_Data for processing_
++++

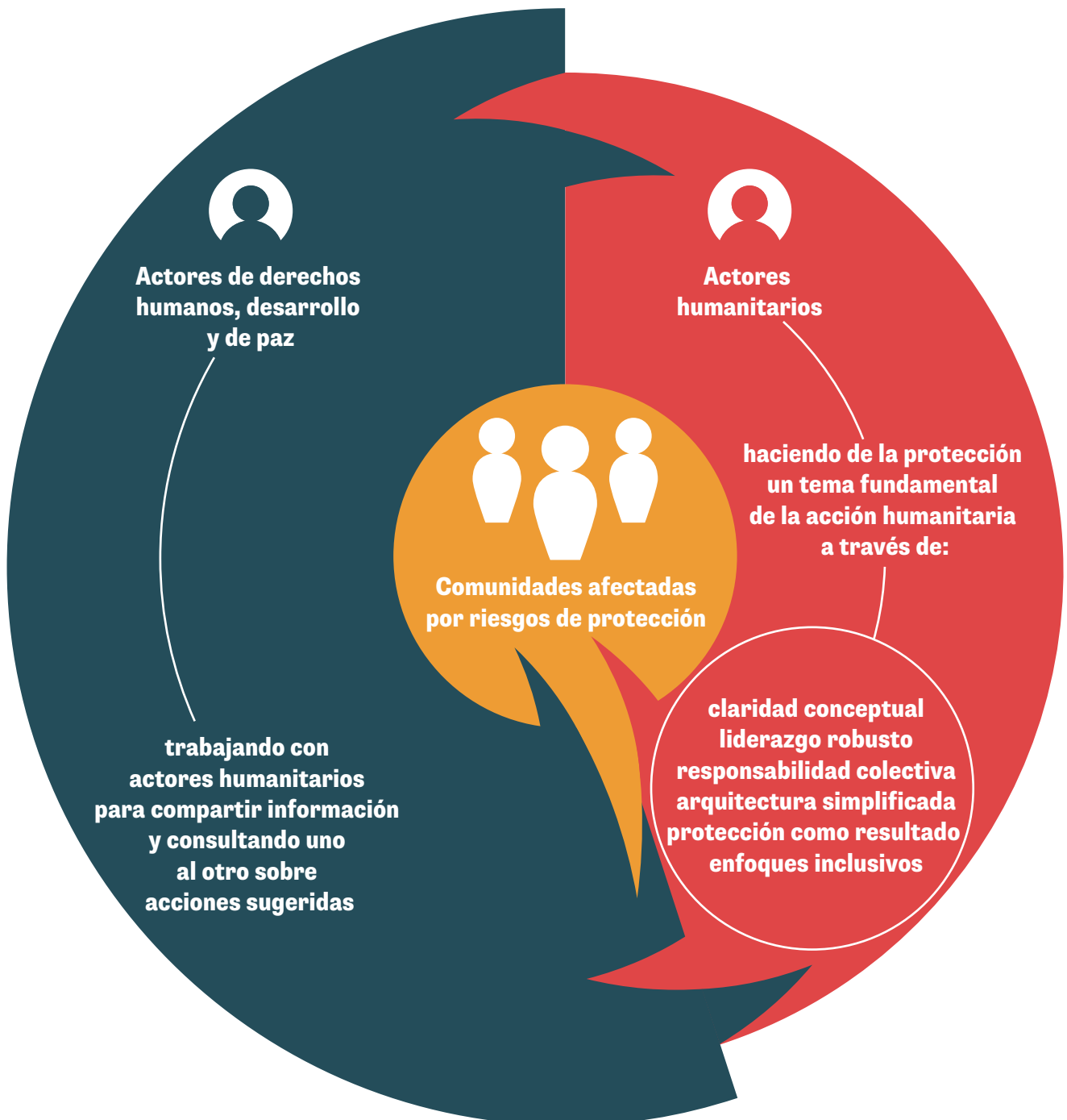
Figura 2 Visión de la política de protección del IASC sobre los enfoques colectivos para reducir los riesgos

Los problemas de protección son muy variados y no pueden resolverse sólo mediante los agentes humanitarios. Para reducir los riesgos, es fundamental crear un entendimiento mutuo y una responsabilidad colectiva con los actores que trabajan en el sistema humanitario, así como junto a él (Figura 2).
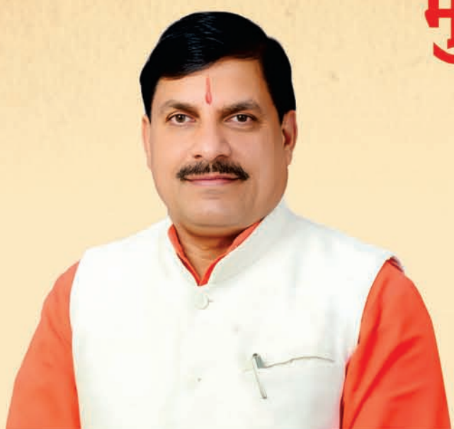
डॉ. मोहन यादव, मुख्यमंत्री
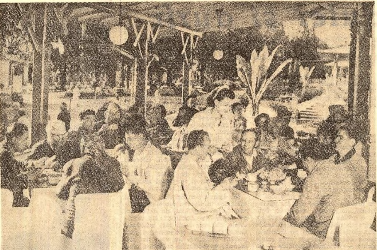
În stațiunea Călimănești, oamenii muncii le sînt asigurate condiții bune de odihnă și tratament. În fotografie: un aspect al sălilor de mese de la cantina centrului.
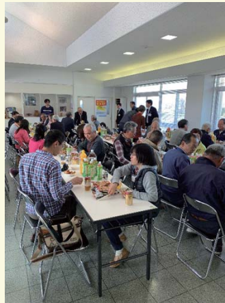
中野・湯沢、両エリアのガルテナーさん。 ご家族も一緒に一堂に会しました。 話も弾みます♪
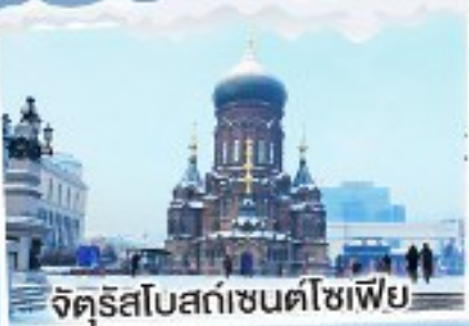
จัตุรัสโบสถ์เซนต์โซเฟีย

++++

In the data above, find the line containing "中野・湯沢、両エリアのガルテナーさん。 ご家族も一緒に一堂に会しました。 話も弾みます♪"; from there, please write out each line through the end, exactly, with the pictures omitted.

中野・湯沢、両エリアのガルテナーさん。 ご家族も一緒に一堂に会しました。 話も弾みます♪
จัตุรัสโบสถ์เซนต์โซเฟีย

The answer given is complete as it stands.